Adrián Romero

Personal information
- Full name: Adrián Romero González
- Date of birth: 27 February 2006 (age 20)
- Place of birth: Gerena, Spain
- Position: Midfielder

Team information
- Current team: Ceuta B
- Number: 26

Youth career
- 2022–2023: CDM Gerena
- 2023–2025: Sporting Atlético

Senior career*
- Years: Team / Apps / (Gls)
- 2024–: Ceuta B / 16 / (0)
- 2026–: Ceuta / 1 / (0)

= Adrián Romero (Spanish footballer) =

Spanish footballer

Adrián Romero González (born 27 February 2006) is a Spanish professional footballer who plays as a midfielder for AD Ceuta FC.

==Career==
Born in Gerena, Seville, Andalusia, Romero joined Sporting Atlético de Ceuta, an affiliate team of AD Ceuta FC, in 2023. He made his senior debut with the reserves on 12 May 2024, coming on as a late substitute in a 1–0 Tercera Federación away loss to CD Gerena.

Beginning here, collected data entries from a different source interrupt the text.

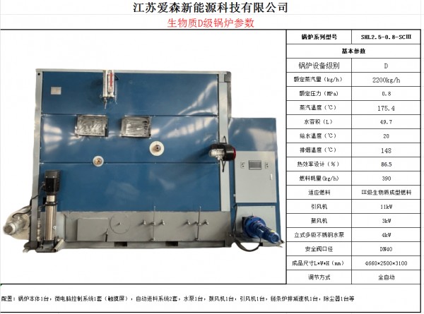 1.SHL2.2-0.8-SCI全自动生物质蒸汽锅炉,采用自然循环锅炉原理,受热面采用整体螺旋翅片管,烟气折返,布有辐射受热面、对流受热面、节能器、空气预热器等,炉排采用多极调速,调整方便,运行稳定可靠排尘度低,达到国家-类地区标准,具有结构简单、热效率高、排烟温度低等特点。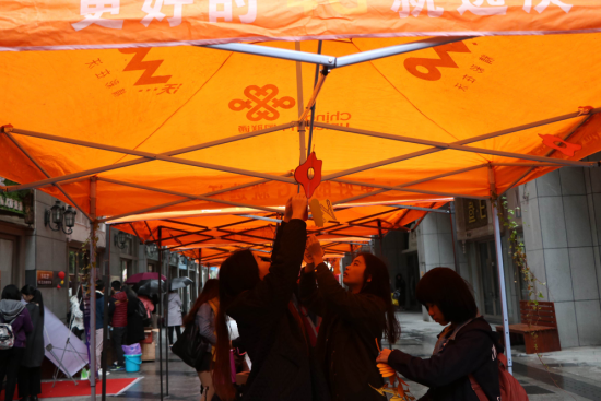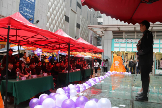 精致的呈现,只因有背后的默默付出,在各位工作人员冒雨布置好现场后,步行街出现了一顶顶橙色的帐篷,在风雨下增加了一抹靓丽的风景。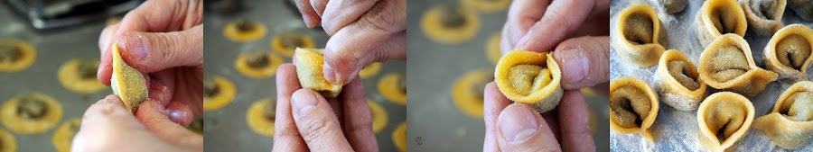 Humedecer con un poco de agua el borde exterior y plegarla por la mitad para hacer medias lunas. llevar las puntas hacia el centro y presionar para unirlas: listo el cappelletti. Espolvorear con semolina para que no se peguen entre si.
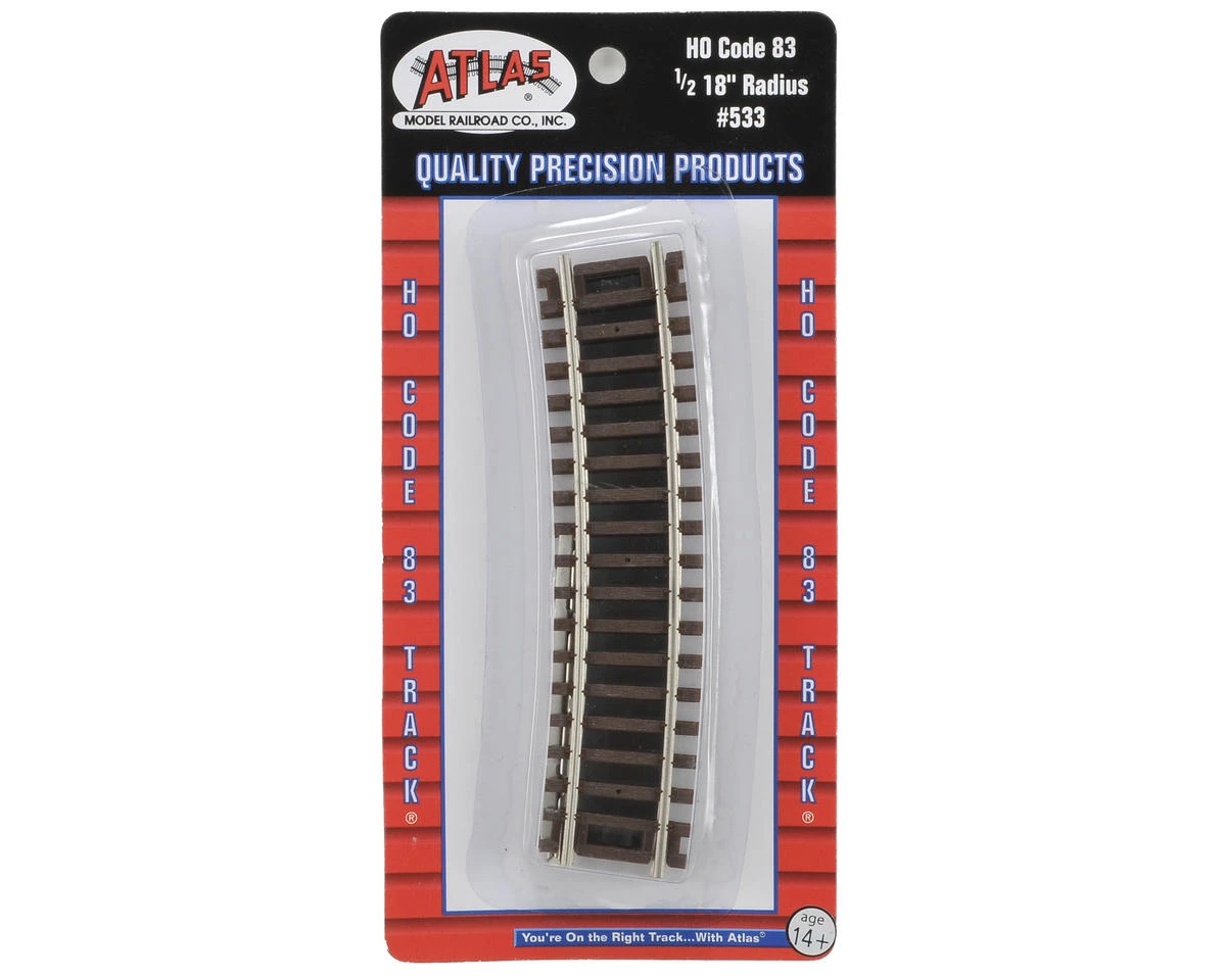 This is a pack of four Atlas Model Railroad HO-Gauge Code 83 Snap-Track 18″ Radius 1/2 Curves. Atlas’ code 83 line is high quality, prototypical track for the modeler who is looking for track that is more exact-to-scale than code 100. Atlas code 83 track has fine brown ties and smaller nickel rail. An advantage to Atlas code 83 track is its reasonable price. With Atlas you know you are getting the best-looking, most affordable code 83 on the market!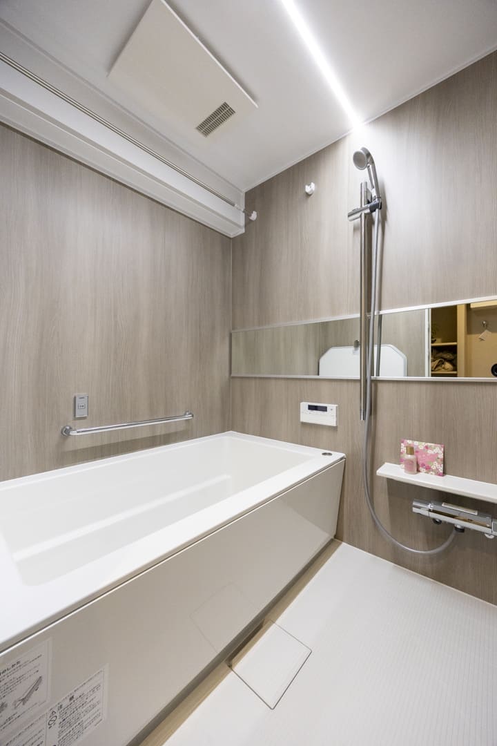 ブラウンの壁パネルが落ち着いた雰囲気を演出してくれている浴室です。お風呂にゆっくり浸かるのが好きという方に嬉しい追い焚き機能を搭載。家族の入浴時間がずれてしまっても安心です。浴室乾燥機には暖房・乾燥・換気・涼風の機能がついており、一年中快適に過ごすことができます。また、照明は2種類をスイッチ一つで切り替えられるので、その日の気分に合わせて浴室の雰囲気を変えることができます。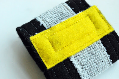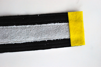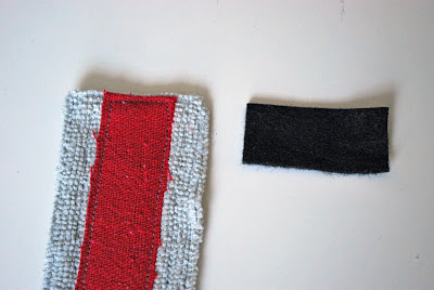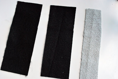 Cortar tiras de 2 manguito de fieltro negro, y una franja de la shammie gris.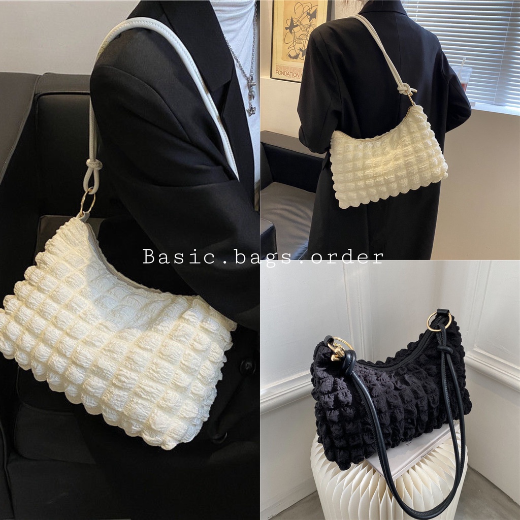 Túi xách nữ đeo vai hoạ tiết ô vuông dập nổi màu đen và trắng phong cách cơ bản dễ phối đồ

On 26 July 2025, Romero signed a permanent deal with Ceuta's reserves. On 10 July of the following year, he renewed his contract for a further season.

Romero made his first team debut with the Caballas on 30 August 2026, replacing Yann Bodiger late into a 3–0 Segunda División away loss to RCD Mallorca.

==Personal life==
Romero's father José Juan was also a footballer and midfielder, and later became a manager.